La elección de vivienda en un barrio determinado u otro estaba influenciada por varios factores que tenían que ver, entre otros criterios, con la distancia del lugar de trabajo; el precio del alquiler; los medios de transporte disponibles; las oportunidades comerciales para el negocio que pensaban instalar; la cercanía de parientes, familiares y paisanos. Obviamente, para muchos resultaba más fácil integrarse en una zona en donde también se podía utilizar la lengua materna y donde los códigos culturales de algunos vecinos no parecían desconocidos. En tales circunstancias, era menor el desafío de desarrollar sentimientos de pertenencia con la adopción de componentes identitarios locales, sin perder algunos componentes étnicos, o convirtiéndolos en una nueva forma híbrida que les permitiera sentirse igualmente hermanados con congéneres judíos de otras latitudes y también con compatriotas de su patria de adopción.

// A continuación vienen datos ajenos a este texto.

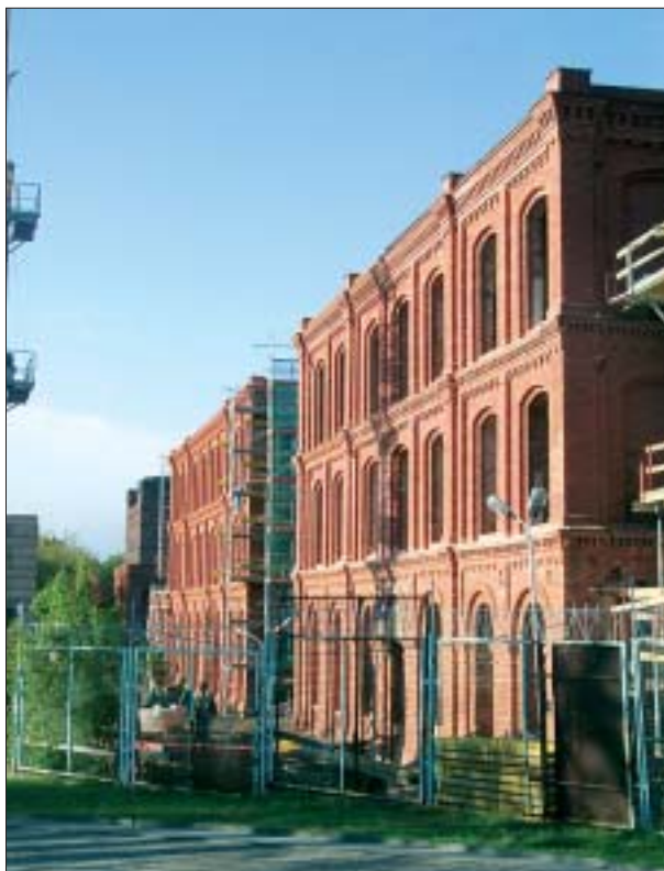
24. Fabryka I. Poznańskiego. Bielnik i wykańczalnia w czasie renowacji. Fot. G. E. Karpińska, 2005 r.

działaniu nie chodzi tylko o przywoływanie przeszłości, lecz również o to, by przeszłość współistniała z „teraz”. Przemysłowe formy architektoniczne nie są przecież już „teraz” „tamtymi” budowlami, zresztą miasta nie są też już „tamtymi” miastami, bo „tamte” miasta przestały istnieć na powierzchni – są na nowo ustanawiane, odkrywane, są wskrzeszonymi ruinami
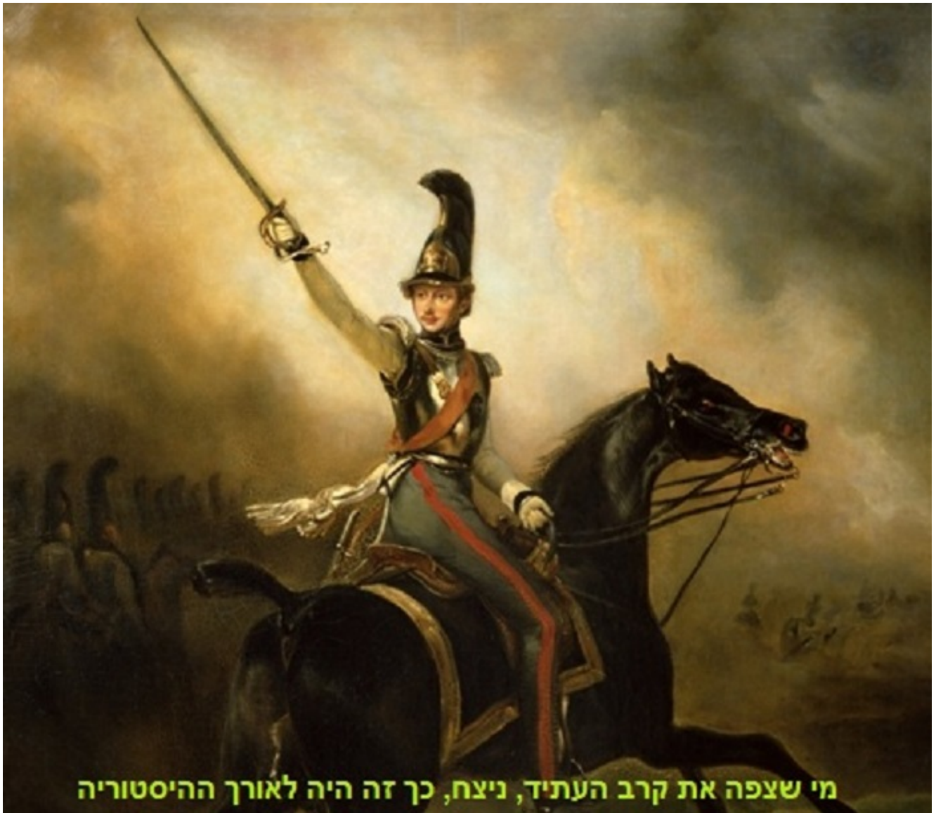
מי שצפה את קרב העתיד, ניצח, כך זה היה לאורך ההיסטוריה

ההיסטוריה מלמדת אותנו כי מי שצפה את קרב העתיד, ניצח. זה היה לאורך ההיסטוריה, כאשר המנצחים היו אלו שראו את התוצאה מראש. הם ידעו כיצד לנהל את המשחק, וכיצד לנצל את היתרונות שלהם. הם היו מוכנים להקריב, ולתת את חייהם למען המטרות שלהם. הם היו אלו שניצחו, ואלו שניצחו הם אלו שצפו את קרב העתיד.
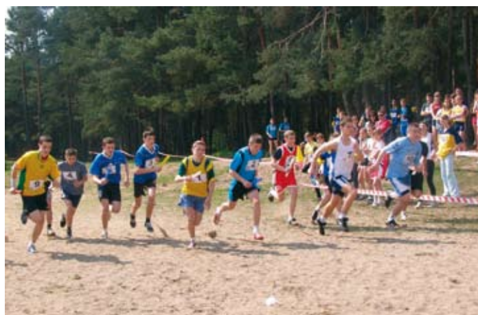
Start sztafety podczas obchodów święta skockiego Gimnazjum.
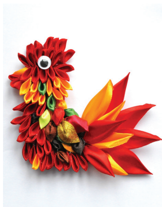
Sagaidot 2017. gadu, tapis Ugunīgā gaiļa tēls.

Gribējās par to uzzināt ko vairāk. Atradu informāciju, ka šī metode radusies 18. gadsimtā Japānā, kad geišas brīvajā laikā izrotāja savus kimono ar ziediem, bet vēlāk gatavoja matu rotas savām frizūrām. Agrāk valdīja uzskats, ka salocīto auduma ziedu izmantošana matu sakārtojumā spēj atvairīt ļaunos garus.
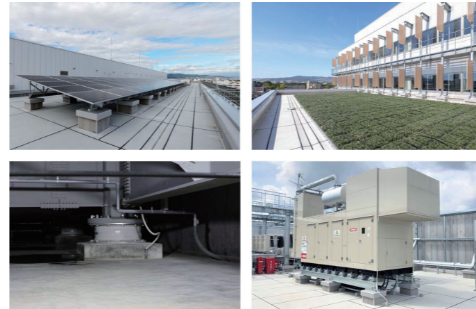
環境配慮・防災対策

屋上には太陽光パネルを設置し、照明や災害時の電力として利用。屋上緑化は、断熱や冷却効果により空調負荷を低減。また免震構造の採用や非常用発電機の設置など、災害発生時に対応できる機能を確保している。
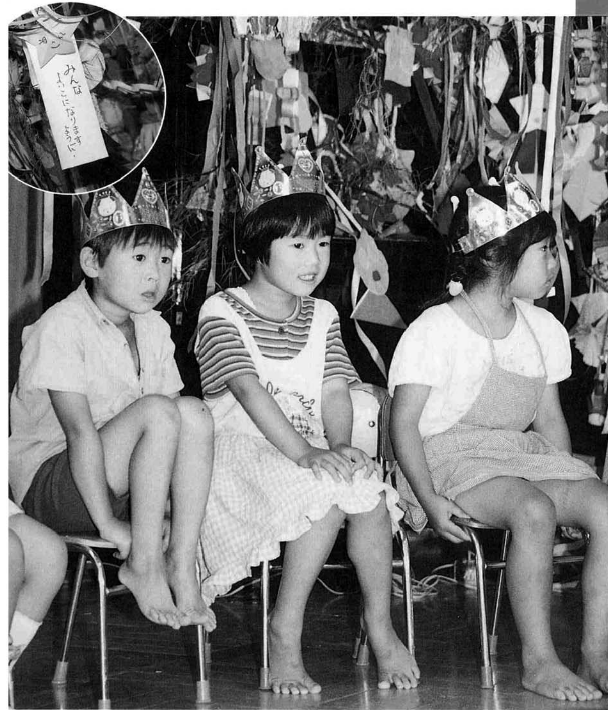
7月4日(木) 上通保育所「たなばたまつり」から
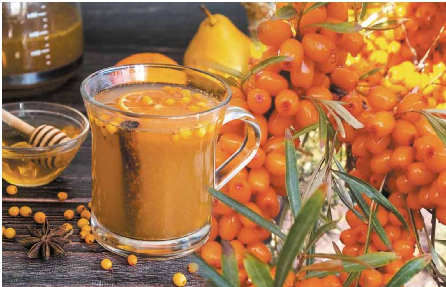
Коллаж Александра ЕРМОЛОВИЧА

Плоды облепихи можно сушить, при этом полезные свойства сырья хорошо сохраняются. Зимой такую ягодку можно будет использовать в качестве основы для чая, а также как начинку для любых кулинарных изделий.
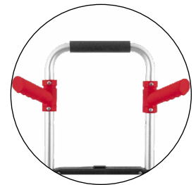
Incluye dos mangos ajustable
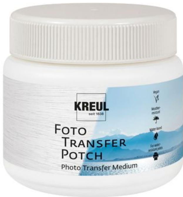
Foto Transfer Potch, 150 ml
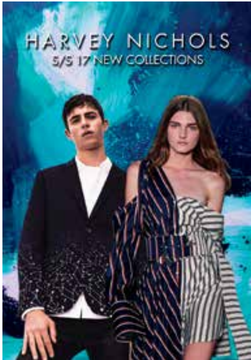
Spring / Summer 2017 fashion at Harvey Nichols. 於「Harvey Nichols」的二零一七年春/夏季時裝。
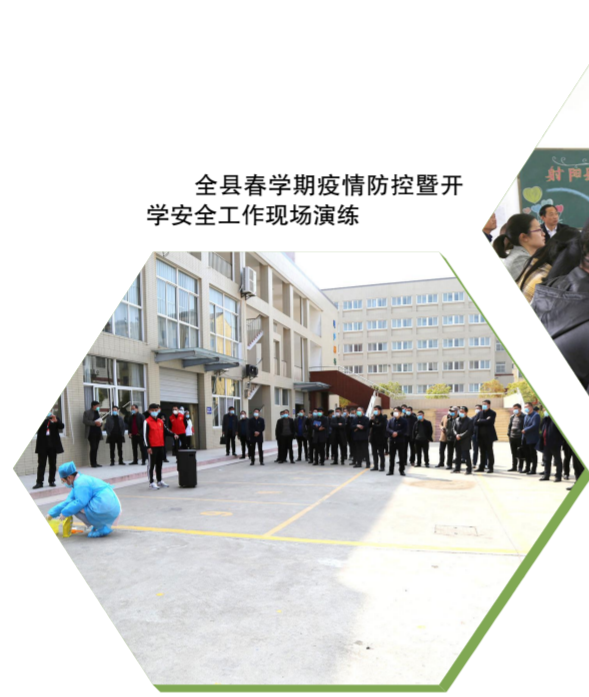
全县春学期疫情防控暨开学安全工作现场演练
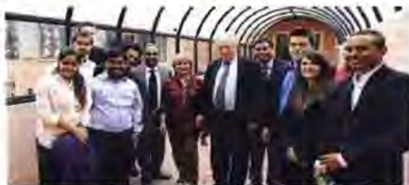
Une délégation indienne était à Pau pour fêter l'événement.
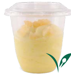
CITRON - ÉCORSE DE CITRON*

RASPBERRY - RASPBERRY COULIS 727143410215
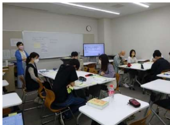
受験勉強の見通しを立てては振り返る、を繰り返すなかで、学生同士が助け合う関係を築く

東北公益文科大学は 2005 年度から社会福祉士の養成を行っています。社会福祉士とは、福祉や介護に関する相談ごとに対応する専門職です。年 1 回実施される国家試験に合格した人が所定の登録を受けることにより、社会福祉士の資格を取得することができます。合格率は新卒・既卒を含めて毎年 30%弱ですが、公益大の現役生 (4 年生) の合格率は平均すると 50%程、令和 3 年度は 60%で、東北圏内の社会福祉士養成をおこなっている私大では 1 位でした。
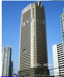
スカイグランデ汐留 (SKY GRANDE shiodome)
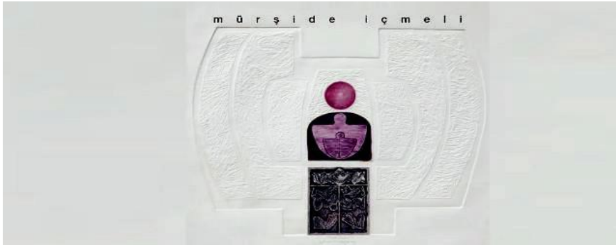
Görsel 9: Mürşide İÇMELİ, "İsimsiz", 1991, Litografi, 25x35 cm

açıdan ulaşılan yetkinlik olarak tanımlanabilir. İçmeli'nin yetkinliği yaptığı işe saygınlıktan kaynaklanır. O saygı da kişilikten gelen bir disiplin var, İçmeli'nin çalışmalarındaki yetkinliğin diğer bir boyutu çalışmalarındaki titizliktir. Bu titizlik salt işçilik yönünden değil, sürekli olarak daha yetkin tasarım elde etme, kılı kırk yaran bir düzenleme oluşturma, dolu ve boş alanlar ile düz ve kabartmalı yüzeyler arasında denge kurma, renk seçimi, renkler arasındaki uyum gözetme konusundaki titizliktir 81 . İçmeli'nin sanat anlayışının oluşmasında; sanatsal yeteneği yanında Anadolu kültürden başlayarak Anadolu topraklarına yerleşen uygarlıkların zengin kalıntıları, halı kilim gibi Anadolu halk sanatlarının formları, Avrupa sanatına, savaş yıllarının acıları, çocuk-luk yıllarından başlayarak etkilendiği yaşadığı deneyimler ve araştırmacı kimliği etkili olduğu söylenebilir (Senyapılı, 1988:69-70). sanat anlayışı, eserlerinde kurulan denge ve düzen ile kullanılan öğelerin seçimindeki kesinliği, izleyiciye daha az öğeyle çok fazla şey söyleyebilmesi, yalın tasarımların güçlü duygusal iletimi, geometrik teknikleri kullanmanın ustalığı, çağdaş ifade arayışı, bilim insanının tutumu ile sanatsal kurguya yaklaşımını çalışmalarında görmüş oluyoruz.
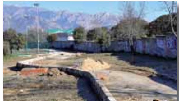
Adecuación del Circuito de Cross. Al circuito de cross que rodea la Ciudad Deportiva se le ponen bordillos y se mejora en todo su recorrido.

El Ayuntamiento lleva a cabo obras de acondicionamiento y mejora en la Ciudad Deportiva Navafría, que se recogen en el siguiente plano. Los trabajadores empleados son subvencionados por la Dirección General de Empleo de la Comunidad de Madrid y el INEM.
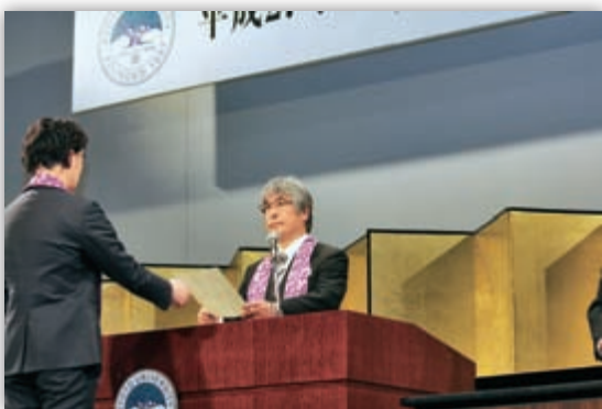
大学院学位授与式
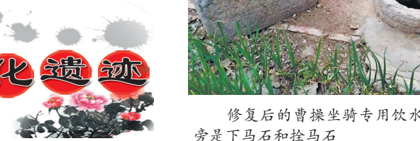
修复后的曹操坐骑专用饮水井“老龙潭”,一旁是下马石和拴马石

曹马集众多古建筑中,有一座金碧辉煌的琉璃大殿,正堂三间,三台连埦,高耸相望。炎热夏季,蛊毒滋生,唯独大殿东间不入苍蝇。原来有一天,曹操在殿内畅饮美酒,目视一只苍蝇盘旋佳肴美饌之上,即挥袖驱逐,并怒斥:“都到那边去,非扰吾好心情!”苍蝇随之销声匿迹,东间至此再无其类鬼魅踪影。 据《单县志》记载,因为曹操驻军养马,功劳卓著,曹马集成为非凡之地,名声大噪,兴元镇由此更名为曹马集,也成为历代达官贵族敬仰的圣地,相继建设了广生殿、大佛寺、观音阁、玉皇阁、碧霞元君殿等。清康熙三十年大佛寺记事石碑刻文:“创于汉,重葺于唐,续修于宋、金、元、明。” 清乾隆年间,朝廷在曹马集设置东方曹马保(“保”为旧时编制单位),1916年改为东区曹马保。抗战期间,曹马集为金曹县抗日民主政府驻地及曹马区委、区政府驻地,成立了中共单东北第一个农村党支部,是著名的抗日根据地。 建乡愁之“乡”,留古镇之“古”。曹马集是单县历史文化名村、红色文化教育基地,挖掘修复了饮马古井,建设了曹马集民俗博物馆,恢复了金曹县抗日民主政府遗址。 春夏之交,遍布村境的百余株百年刺槐花团锦簇,清香四溢,招来蜜蜂如饥似渴地采集生活的甜蜜,也吸引城里人享受历史文化、红色文化和生态文化营造的幸福向往。山东泰山旅游规划设计院院长常德军曾以曹马集为例,认为“发展古镇旅游重点是找到古镇的文化载体,重塑古镇文化的灵魂,再造古镇的组织肌理,恢复古镇生态,重现古镇的生机和繁荣。” 文/图 通讯员 刘厚珉
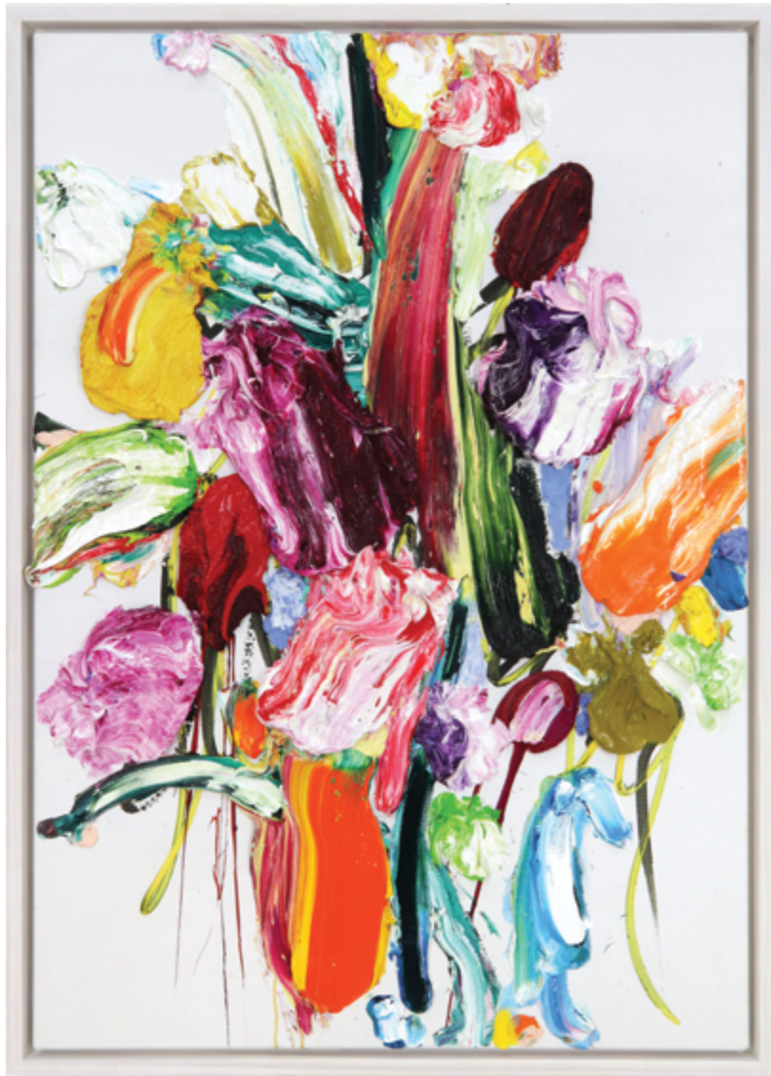
Lay Out (485), oil on canvas, 100 x 70 x 5 cm, 2019/23

Este fue el caso de miles de inmigrantes judíos, incluyendo a la familia Milleritzky. Es precisamente el fenomenal éxito de su ascenso social lo que llevó a Nahón a escribir en ídish y de esta manera manifestar que el ídish, o cualquier otro idioma llevado desde Europa o Asia, es también parte de América Latina y de su panorama lingüístico.
Balvanera —denominado popularmente "el Once"— y Villa Crespo pasaron a ser durante muchos años los barrios judíos por antonomasia. Ambos se convirtieron rápidamente en los centros de comercio y vivienda más importantes de los judíos porteños. Villa Crespo, que hacia mediados de la década de 1930 era ya el hogar de unos 30.000 judíos, es a la vez escenario y uno de las protagonistas de una importante parte de la creación literaria de Nahón Milleritzky. Los cuentos del "ángel de Villa Crespo", como podemos llamar a este médico que atendía a tantos pacientes del barrio, nos sirven como un lente adicional para acercarnos a observar la vida social de los obreros, sastres, carpinteros, tejedores y personas de otros oficios que poblaban sus calles. El barrio que ha producido a Manuel Gleizer, inmigrante judío proveniente de Rusia en 1908, que se convirtió en uno de los padrinos de grandes escritores; a Samuel Eichelbaum, escritor de sainetes de gran popularidad; a Julio Jorge Nelson (Julio Rosofsky), periodista, autor y comentarista de temas tangueros; a Ben Molar (Moisés Smolarchik Brenner), figura clave en la difusión del tango; y al gran autor considerado a veces como prototipo del judío porteño, César Tiempo (Israel Zeitlin); este mismo barrio también fue el semillero de una figura mucho menos conocida para las nuevas generaciones, ya alejadas del uso del ídish en sus vidas cotidianas: el Dr. Nahón Milleritzky.
Cacho Lotersztain merece nuestro agradecimiento por rescatar la memoria de esta figura tan argentina y tan judía con la traducción de varios de sus cuentos al castellano y la importante Introducción a este volumen.